Indeed, Deaton said that Judge Analisa Torres’s rejection of the SEC’s claim, in which it referred to all XRP sales as unregistered securities transactions, proved that the finance watchdog needed to modify its approach to cryptocurrencies, as he explained in a Bloomberg Law opinion piece published on July 17.
Embarrassing loss for SEC
According to the pro-XRP lawyer and amicus curiae for Ripple during the court proceedings, the decision was “a total victory” for digital asset holders and crypto developers in the US and “a devastating blow to the SEC’s ambition to bring an entire asset class under its thumb.”
“Had the SEC brought the case along the lines of Torres’ ruling, it likely would have settled in weeks and wouldn’t have become the target of the entire crypto community. (…) Now the regulator has a humiliating loss on its hands,” Deaton writes.
Furthermore, the legal expert commented on the SEC’s recently filed lawsuit against Coinbase, one of the largest crypto exchanges in the world, which, in his words, “rides on the same legal theory [that all tokens except for Bitcoin (BTC) are unregistered securities] and could be another high-profile embarrassment.”

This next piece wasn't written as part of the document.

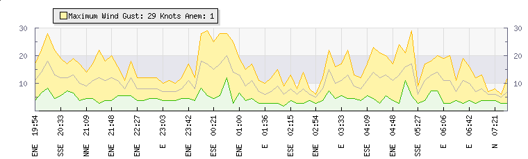 In the last few minutes the wind was Easterly at an average speed of 11 knots, reaching up to 17 knots and a low of 5 knots. The gust strength is12 knots above the minimum speed |

Earlier, attorney Jeremy Hogan also shared his opinion on the aftermath of the case, arguing that he did not believe either of the two sides would appeal after the trial and final judgment, especially not the SEC, which, in his view, stands to lose more than gain by appealing the decision, as Finbold reported on July 17.

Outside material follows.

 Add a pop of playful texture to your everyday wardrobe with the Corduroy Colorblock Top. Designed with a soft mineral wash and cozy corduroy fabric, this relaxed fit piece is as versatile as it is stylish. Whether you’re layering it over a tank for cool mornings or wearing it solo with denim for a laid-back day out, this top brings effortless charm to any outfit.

Failure to protect investors
Finally, Deaton believes that the agency, in its desire to regulate crypto, has moved away from its primary goal, which is to protect investors, as a result hurting “millions of retail digital asset holders who needed Torres to protect them from its legal assault on XRP.”
“If the SEC doesn’t reevaluate its whole regulatory approach to crypto after Ripple, it will waste taxpayer dollars and fail the American people,” he concluded.
Meanwhile, the XRP token that was at the center of the whole ordeal is currently changing hands at the price of $0.74, which represents a decline of 0.92% in the last 24 hours but still an advance of 55.71% across the previous seven days and a 53.65% gain on its monthly chart, as per data retrieved on July 18.